Danish non-partisan organization

The Danish Free Press Society (Trykkefrihedsselskabet) is a Danish organisation founded in 2004 and originally led by Lars Hedegaard, that works in support of freedom of expression. It presents an annual award, the Sappho Award. The organisation has a publishing house, Trykkefrihedsselskabets Bibliotek, which focuses on research and criticism of Islam, and the organisation had about 800 members in 2010.

==Background and activities==
The organisation was founded in 2004 by Lars Hedegaard, David Gress, Kai Sørlander, Søren Krarup and Jesper Langballe, after Danish PEN objected to admit Hedegaard as a member due to his writings on Islam. The organisation published an online magazine, Sappho, that was edited by Helle Merete Brix and Katrine Winkel Holm. Winkel Holm took over as chairman of the organisation in 2014 after Hedegaard was subjected to an assassination attempt.

In 2009, the organisation reprinted the Muhammad cartoon drawn by Kurt Westergaard.

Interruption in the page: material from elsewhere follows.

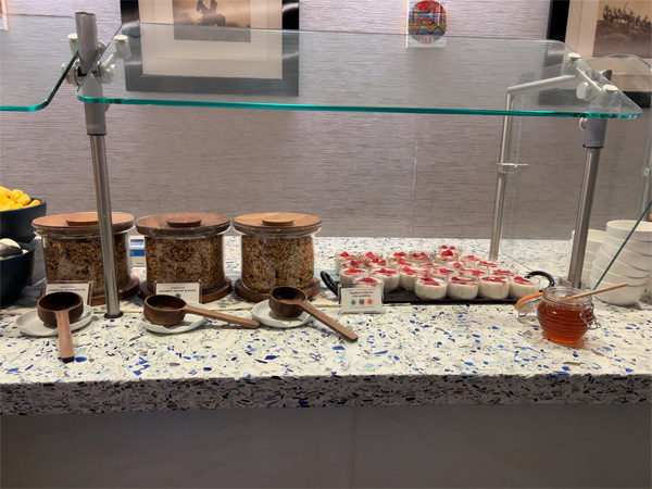 高い天井で開放感いっぱいのラウンジだ。羽田空港のスカイクラブの上質さに驚いたけれど、4年ぶりに訪れたアメリカの空港でもしかり。スカイクラブ全体のグレードがさらにアップしたと感じたのは私だけだろうか。

The organisation formerly counted Venstre politician Søren Pind and Conservative politician Naser Khader among its advisory board members, but both left the organisation in 2009 after controversial comments on Muslims by the chairman Lars Hedegaard.

The organisation was extended internationally with the International Free Press Society in 2009, and has been described as a part of the counter-jihad movement.

The Sappho Award has been awarded to people including Mark Steyn, Thilo Sarrazin, Ezra Levant, Roger Scruton, Olga Romanova and Tommy Robinson.

Aia Fog became chairman of the organisation in 2018.